-- Data shown follows --

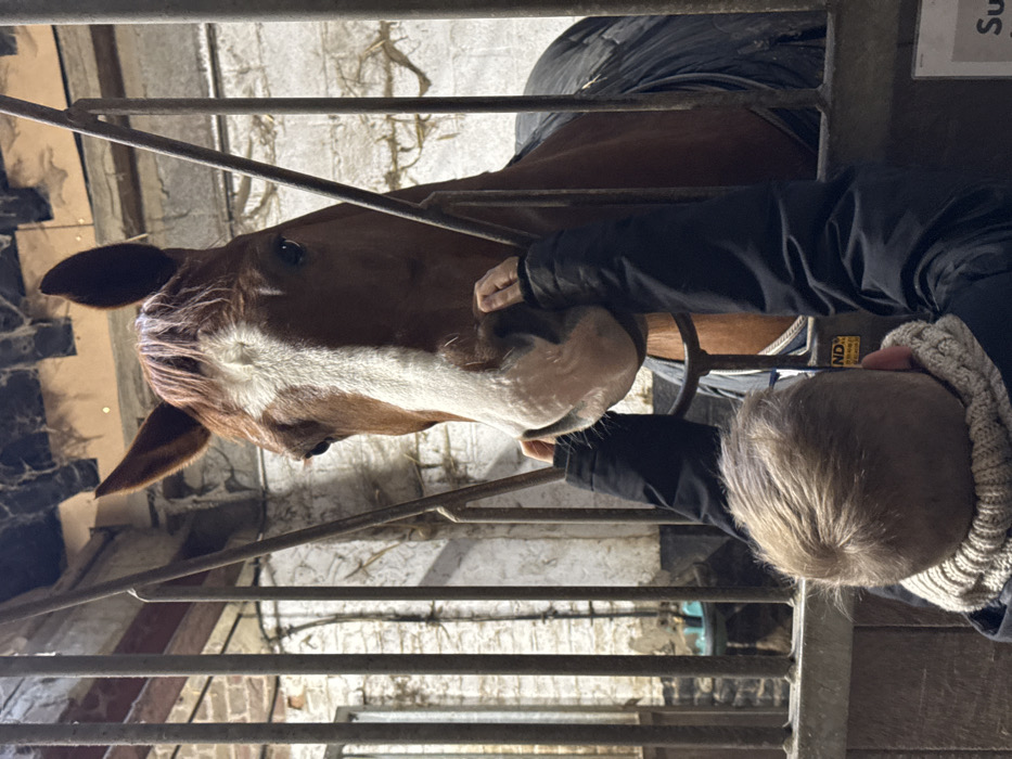 The image displays an indoor stable scene in Estaimpuis, Belgium, focusing on an interaction between a person and a horse
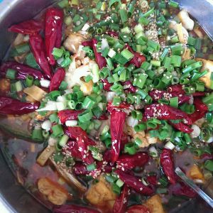 油绕热下豆瓣酱和蒜爆香(喜欢辣味更纯的可以放点小米辣炒炒),再倒入适量水,放入煎的鱼骨,再下豆腐和菜炖,加一勺盐,少许白胡椒花椒粉和酱油炖一会儿,最后下鱼片,盖锅盖大火闷一会儿,鱼片熟了就可以倒入大盆里了,再撒上葱花和炒过的辣椒,油烧热了撒上,加少许白芝麻点缀,开吃啦
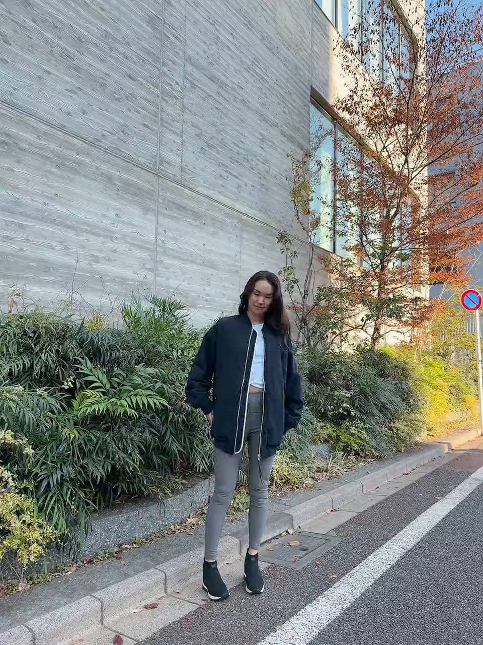 アウター:F(フリー)サイズレギンス:0(S~M)サイズレギンスコーデの日も、このMA-1を羽織るだけでスポーツカジュアルが完成。ヒップが隠れる丈なので、スタイルアップもできて、温かく過ごせます。
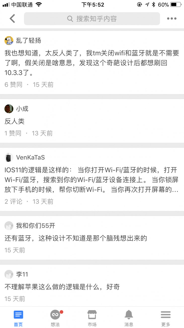知乎上关于 iOS 11 控制中心无法真正关闭 WiFi、蓝牙的反馈
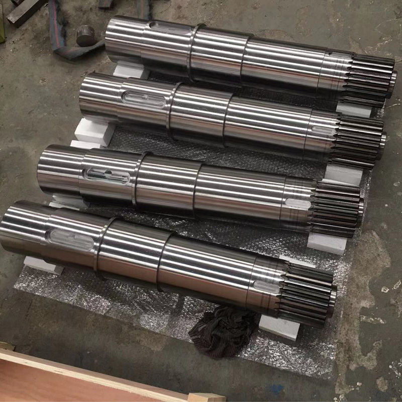 棒料、鍛件 → 粗車加工 → 調(diào)質(zhì) → 精車加工 → 銑鍵槽 → 熱處理(表面淬火貨滲碳淬火) → 研磨中心孔 → 粗磨 → 精磨 → 成品檢測包裝
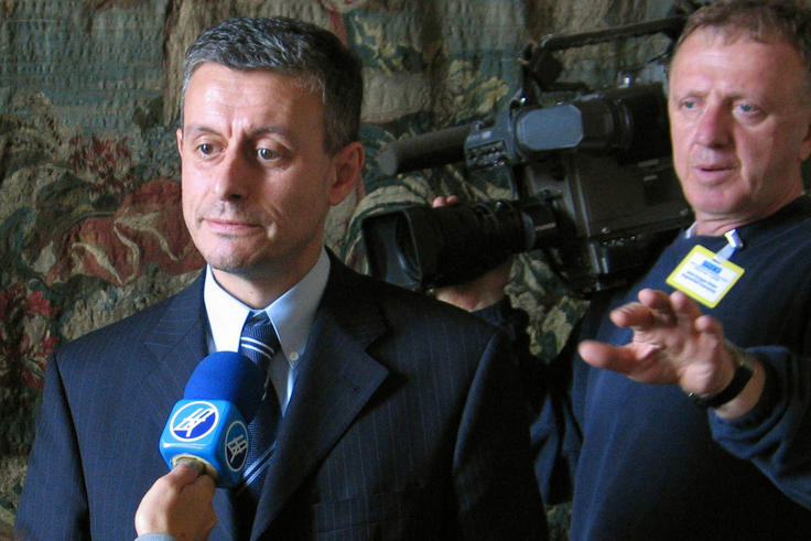 OSCE Chairman-in-Office, Bulgarian Minister of Foreign Affairs Solomon Passy, speaks to the press at the 12th OSCE Economic Forum, in Prague 31 May 2004.

-- Data shown concluded --

## Exercise details
Quote the data above in full, leaving out the pictures it holds.

## Output
 The image displays an indoor stable scene in Estaimpuis, Belgium, focusing on an interaction between a person and a horse
 油绕热下豆瓣酱和蒜爆香(喜欢辣味更纯的可以放点小米辣炒炒),再倒入适量水,放入煎的鱼骨,再下豆腐和菜炖,加一勺盐,少许白胡椒花椒粉和酱油炖一会儿,最后下鱼片,盖锅盖大火闷一会儿,鱼片熟了就可以倒入大盆里了,再撒上葱花和炒过的辣椒,油烧热了撒上,加少许白芝麻点缀,开吃啦
 アウター:F(フリー)サイズレギンス:0(S~M)サイズレギンスコーデの日も、このMA-1を羽織るだけでスポーツカジュアルが完成。ヒップが隠れる丈なので、スタイルアップもできて、温かく過ごせます。
知乎上关于 iOS 11 控制中心无法真正关闭 WiFi、蓝牙的反馈
 棒料、鍛件 → 粗車加工 → 調(diào)質(zhì) → 精車加工 → 銑鍵槽 → 熱處理(表面淬火貨滲碳淬火) → 研磨中心孔 → 粗磨 → 精磨 → 成品檢測包裝
 OSCE Chairman-in-Office, Bulgarian Minister of Foreign Affairs Solomon Passy, speaks to the press at the 12th OSCE Economic Forum, in Prague 31 May 2004.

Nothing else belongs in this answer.